En el año 2000, Marc Randolph y Reed Hastings pasaban por uno de sus peores momentos personales. La empresa en la que habían invertido todos sus ahorros, esfuerzos y dos años de trabajo estaba a punto de naufragar. Su idea de crear una empresa de alquiler de DVD por correo sin multas por retornos tardíos, a pesar de su éxito moderado, se demostraba incapaz de dar beneficios. Tomaron entonces medidas desesperadas.
Viajaron a Dallas para ofrecérsela a su mayor competidor, Blockbuster, por 50 millones de dólares. La respuesta fue tajante: «Lárguense».

Hoy Netflix tiene un valor de 150.000 millones de dólares y Blockbuster…, en fin, está donde está.

A continuación un fragmento, a modo de adelanto:

Qué se siente al ingresar un cheque de casi dos millones de dólares
(Otoño/invierno de 1997: medio año antes del lanzamiento)

Después de estar persiguiéndolo durante semanas (por lo que sea, Reed parecía reticente a firmar el cheque y ponerle fecha), el primer inversor te entrega, por fin, el talón que te permitirá alquilar unas oficinas, contratar empleados y comprar mesas plegables.

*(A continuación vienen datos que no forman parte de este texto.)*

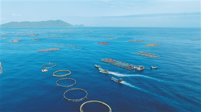 俯瞰陵水深海养殖网箱集群。(资料图)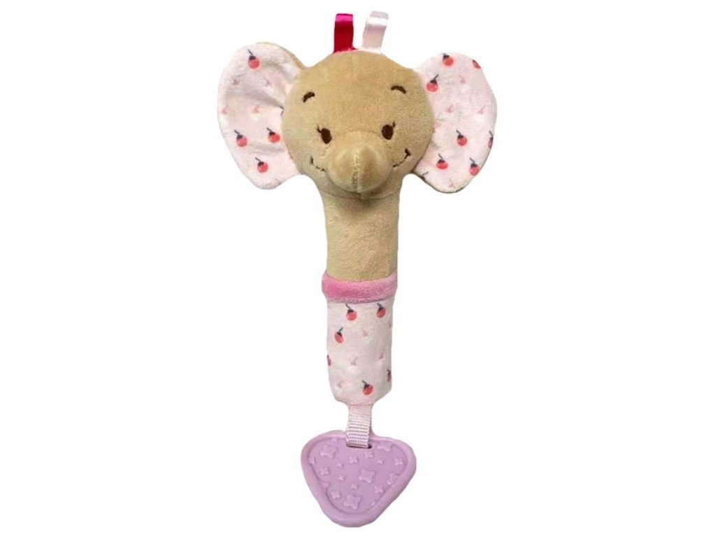 Pískací hračka s kousátkem je určena pro nejmenší děti. Hračka je lehká, dobře se drží, je příjemná na dotek a vydává příjemný zvuk.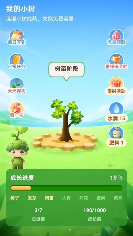 展示了关于小树成长的进度,实时查看自己流量树的成长情况,更好的进行培育。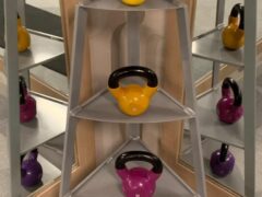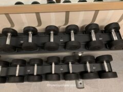 Dumbbells go up to 50 lbs/22 kgs and there’s an adjustable bench as well.
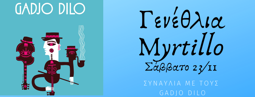 Το MYRTILLO μας προσκαλεί να γιορτάσουμε όλοι μαζί τα 6 χρόνια λειτουργίας του, το Σάββατο 23 Νοεμβρίου 2019 με μια μεγάλη συναυλία από τους Gadjo Dilo!
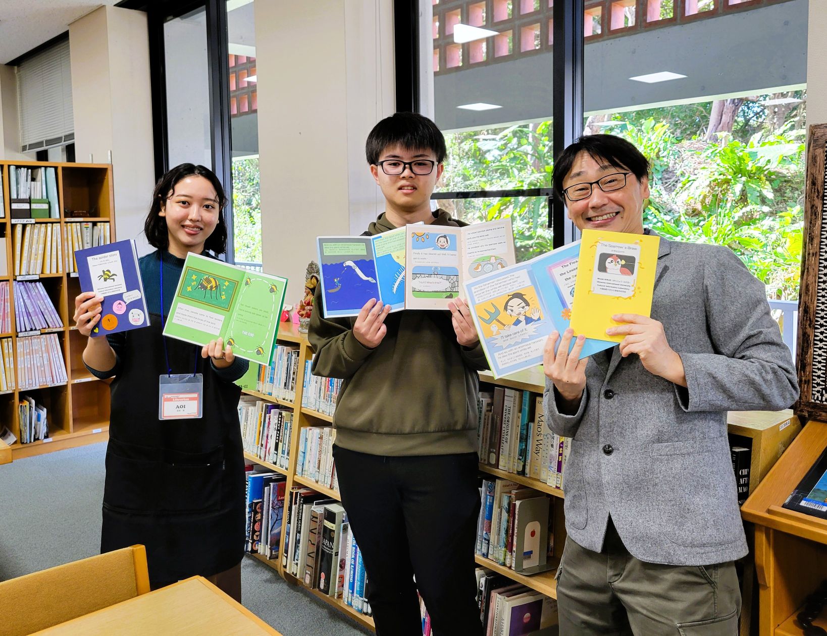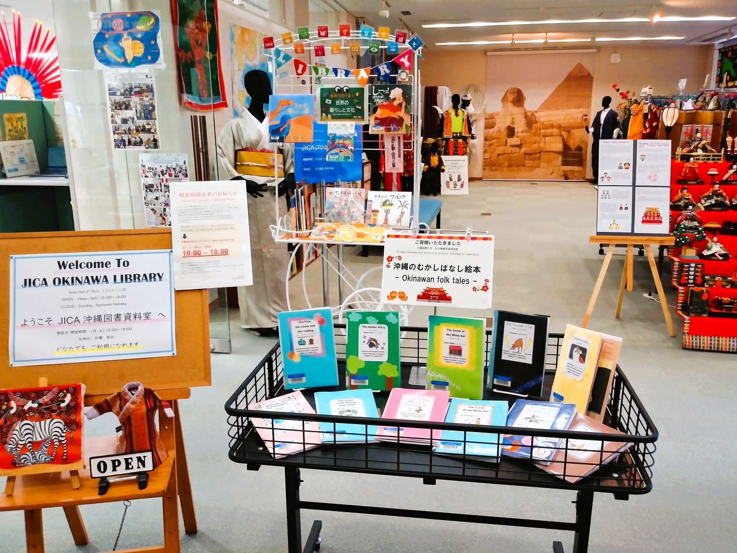 【JICA沖縄図書資料室に沖縄昔話の手作り英語絵本の特設コーナーを作っていただきました!】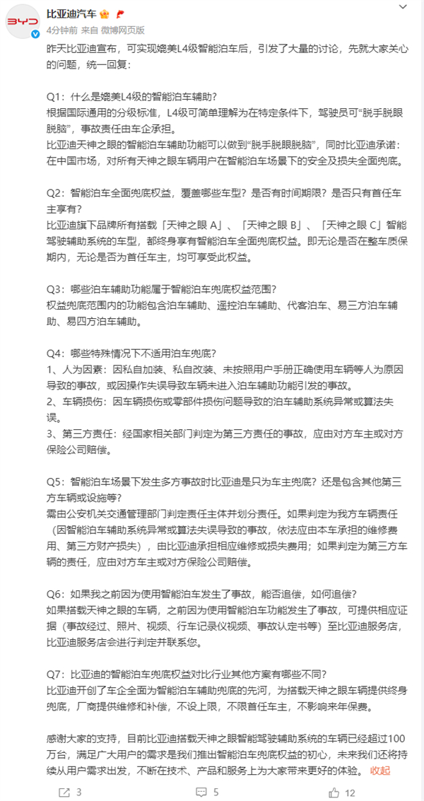 车主放心用 撞了车企赔!比亚迪详解“媲美L4级智能泊车”权益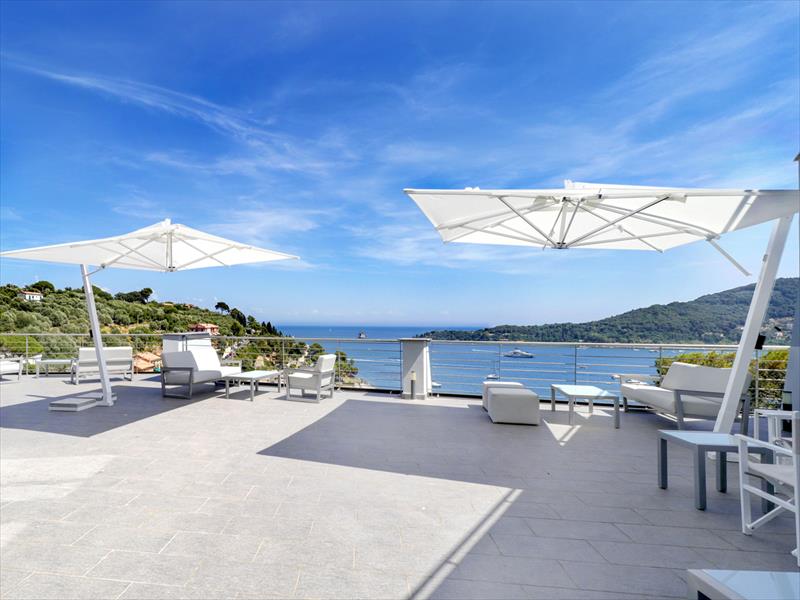 Junior apartmán pre 2 osoby s balkónom a výhľadom na more Priestranná, zvukotesná suita s krásnym výhľadom na more, približne 25 metrov štvorcových, so sprchovacím kútom, minibarom, trezorom, sušičom vlasov, satelitnou TV, telefónom s priamou voľbou, Wi-Fi pripojením, klimatizáciou a balkónom s výhľadom na more.

Es más que eso, claro. El cheque representa la posibilidad de empezar. Marca la diferencia entre tener una idea en la cabeza y tener una empresa en el mundo real. Es la diferencia entre nada y algo.

Lo es todo. Y también es bastante dinero.

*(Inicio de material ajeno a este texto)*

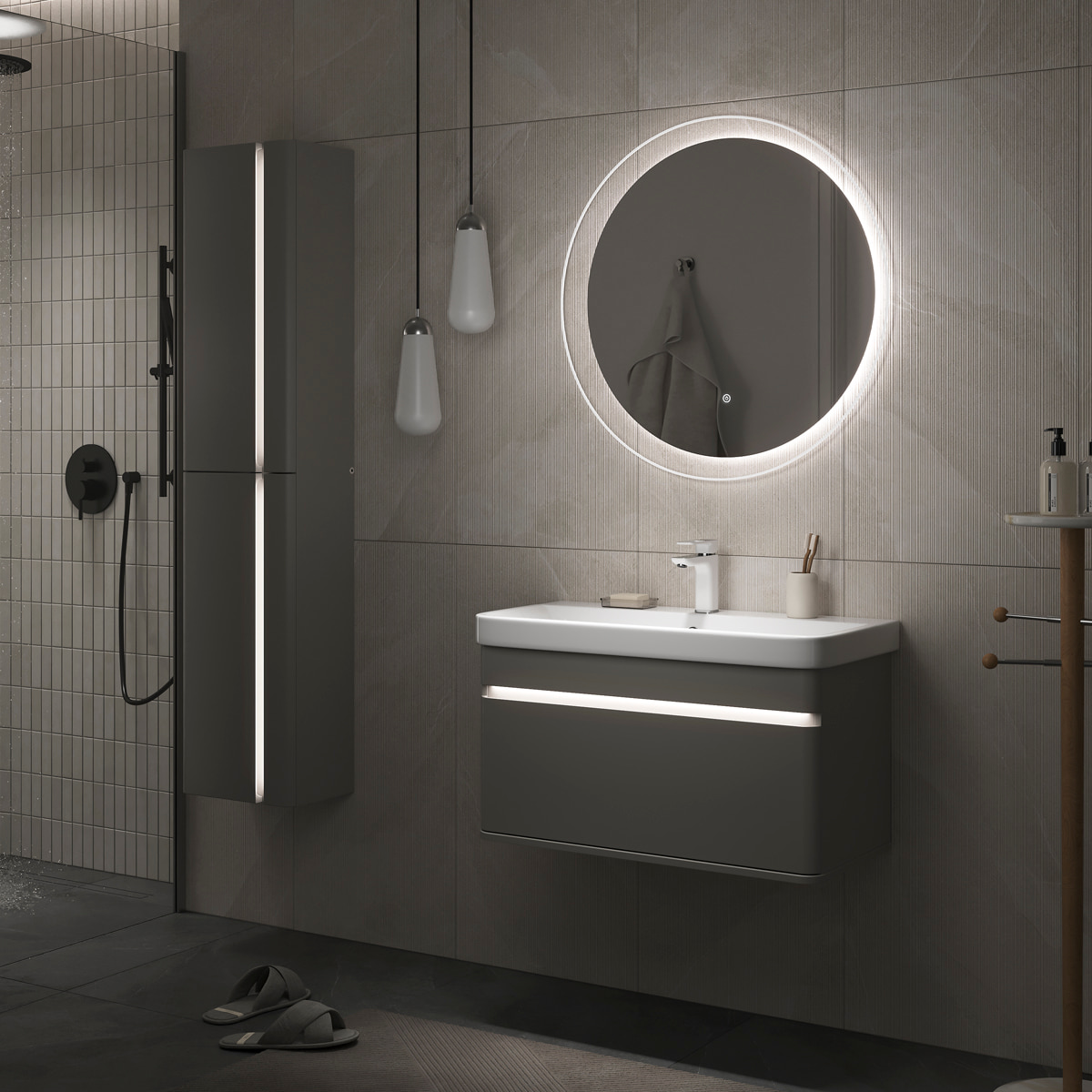 В царгу тумбы интегрирована декоративная LED-подсветка с нейтральной цветовой температурой. Управление подсветкой происходит при помощи датчика движения, расположенного на дне тумбы.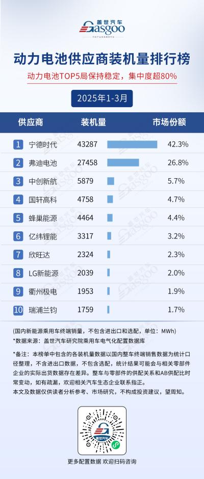 动力电池供应商装机量排行榜:TOP5格局稳固,行业集中度突破80%临界点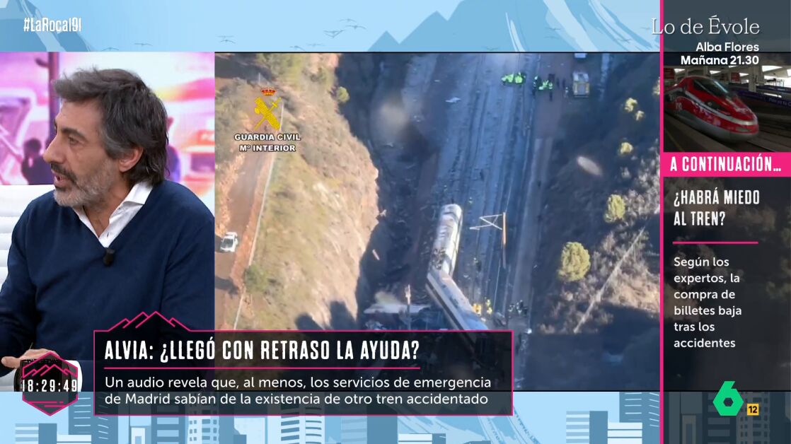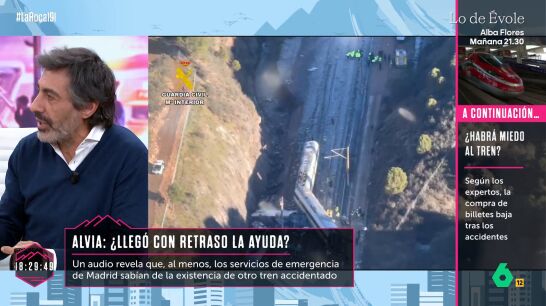 Juan del Val ha hablado en La Roca sobre el accidente ferroviario del pasado domingo en Adamuz, destacando que "hay 45 muertos", por lo que ha defendido que "hay que ver si alguien verdaderamente tiene responsabilidad en esto". "Ya parece que esto se produce por la rotura de una vía. Lo que no se sabe es el motivo. Podríamos estar hablando de falta de mantenimiento", ha señalado, al tiempo que ha insistido en que "el accidente se produce porque la vía está rota, y la fatalidad hace que otro tren se cruce".

Haces un escrutinio del cheque, y compruebas una y otra vez la cantidad. Te aseguras de que haya suficientes puntos, de que la fecha sea correcta, de que la firma se parezca a la que conoces.

Una parte de ti quiere ir en coche hasta Santa Cruz, al banco con luces empotradas en el techo, baldosas resplandecientes y la puerta dorada de la caja fuerte entornada detrás del mostrador, brillando desde la oscuridad como el volante de un yate. Te dan ganas de quitarte la camiseta y ponerte algo que tenga cuello, quizá llevar corbata… De vestirte para la ocasión.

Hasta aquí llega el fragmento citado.